Powdery mildew, caused by the fungus Podosphaera macularis, is an emerging disease in Michigan that has serious implications for growers. Powdery mildew was confirmed in Michigan in 2014 and has been a concern on greenhouse and nursery plants for years. It was rarely an issue in the field until 2017 when mild spring conditions and likely introduction of the pathogen from greenhouse plants resulted in significant powdery mildew disease on mature plants in hopyards without a history of disease.

Disease cycle

Powdery mildew overwinters as fungal threads inside buds and in association with plant debris infected during the previous season. Shoots emerging from infected buds can be covered with spore masses, appearing white, stunted and with distorted leaves. These “flag shoots” are rare, and healthy shoots quickly outgrow infected shoots, making detection difficult. The spore masses on flag shoots spread to adjacent healthy tissue causing new infections.

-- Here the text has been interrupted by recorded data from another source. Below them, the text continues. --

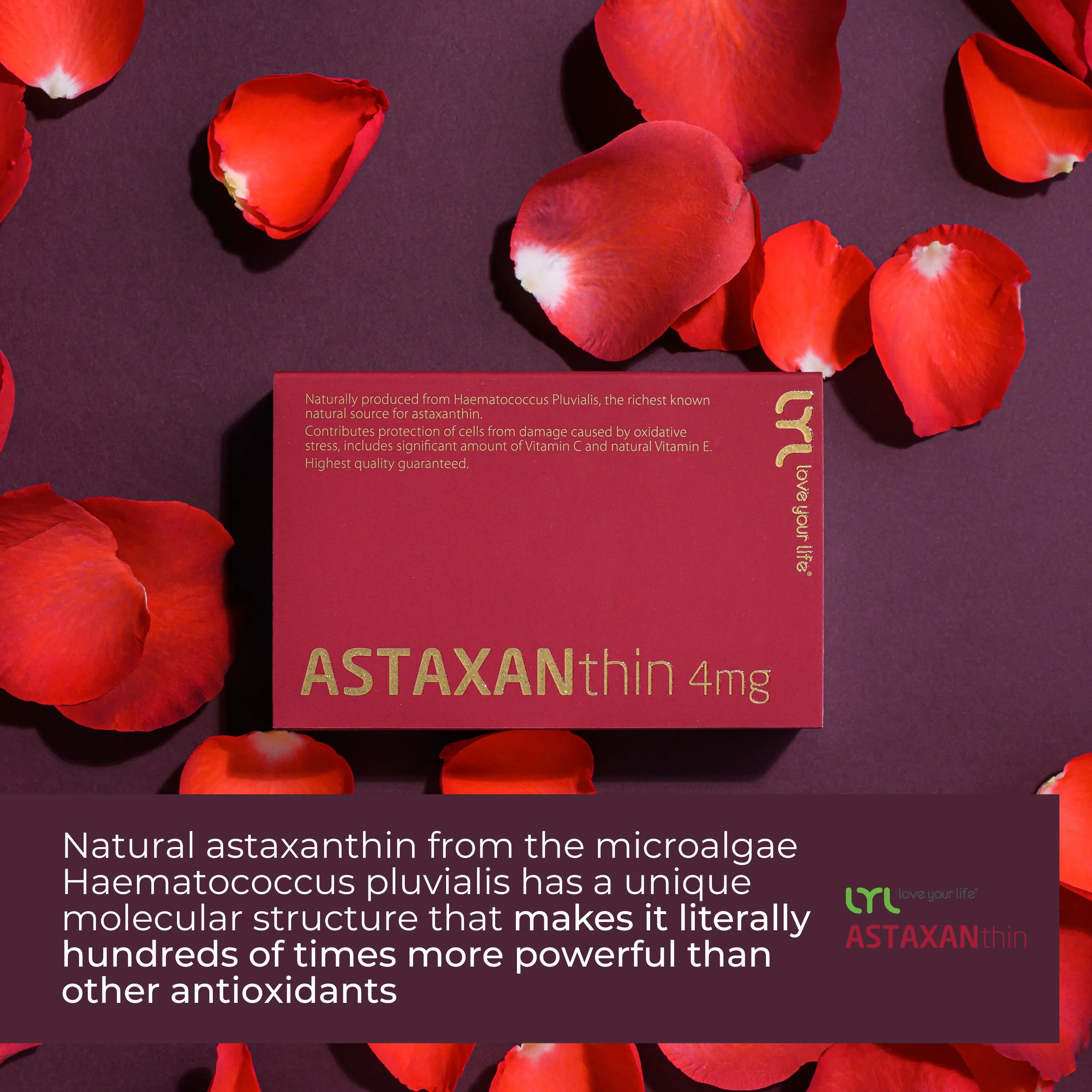 • LYL ASTAXANthin contains potent natural antioxidants that safeguard the skin against aging caused by environmental and genetic factors
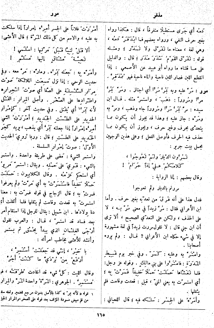 مرر: مَرَّ عَلَيْهِ وَبِهِ يَمُرُّ مَرًّا أَي اجْتَازَ. ومَرَّ يَمُرُّ مَرًّا ومُروراً: ذهَبَ، وَاسْتَمَرَّ مِثْلُهُ. قَالَ ابْنُ سِيدَهْ: مرَّ يَمُرُّ مَرًّا ومُروراً جَاءَ وَذَهَبَ، ومرَّ بِهِ ومَرَّه: جَازَ عَلَيْهِ؛ وَهَذَا قَدْ يَجُوزُ أَن يَكُونَ مِمَّا يتعدَّى بِحَرْفٍ وَغَيْرِ حَرْفٍ، وَيَجُوزُ أَن يَكُونَ مِمَّا حُذِفَ فِيهِ الْحَرْفُ فأُوصل الْفِعْلُ؛ وَعَلَى هَذَيْنِ الْوَجْهَيْنِ يُحْمَلُ بَيْتُ جَرِيرٍ:
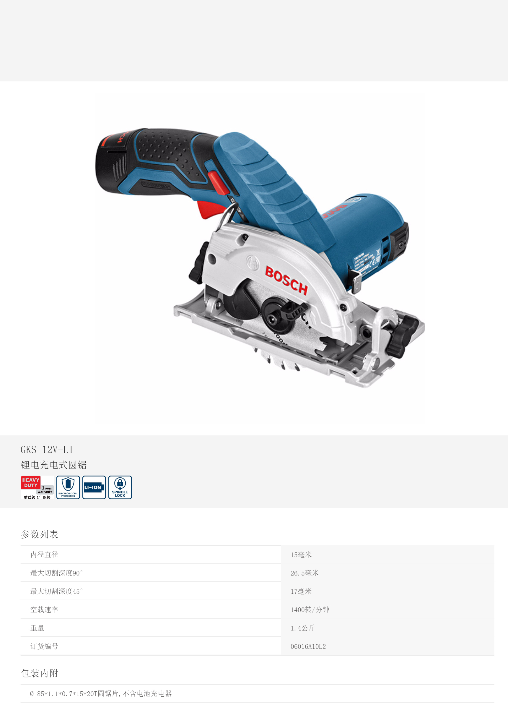 產(chǎn)品名字:博世充電圓鋸GKS12V-LI
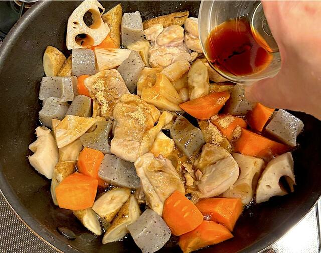 5. 鶏肉に焼き色がついたら、れんこん、にんじん、ごぼう、こんにゃく、しいたけを加え、★以下の調味料を入れる。

Sexual spores (ascospores) may also be present in spring. Ascospores are discharged and land on newly emerged shoots where they germinate, infect the plant and eventually produce a new spore mass of asexual spores (conidia). Conidia are produced in large numbers over multiple cycles and are dispersed via wind, rain splash, insects, tractors, equipment and humans.

The life cycle of Podosphaera macularis, the causal agent of hop powdery mildew. Prepared by V. Brewster, Field Guide for Integrated Pest Management in Hops, Third Edition.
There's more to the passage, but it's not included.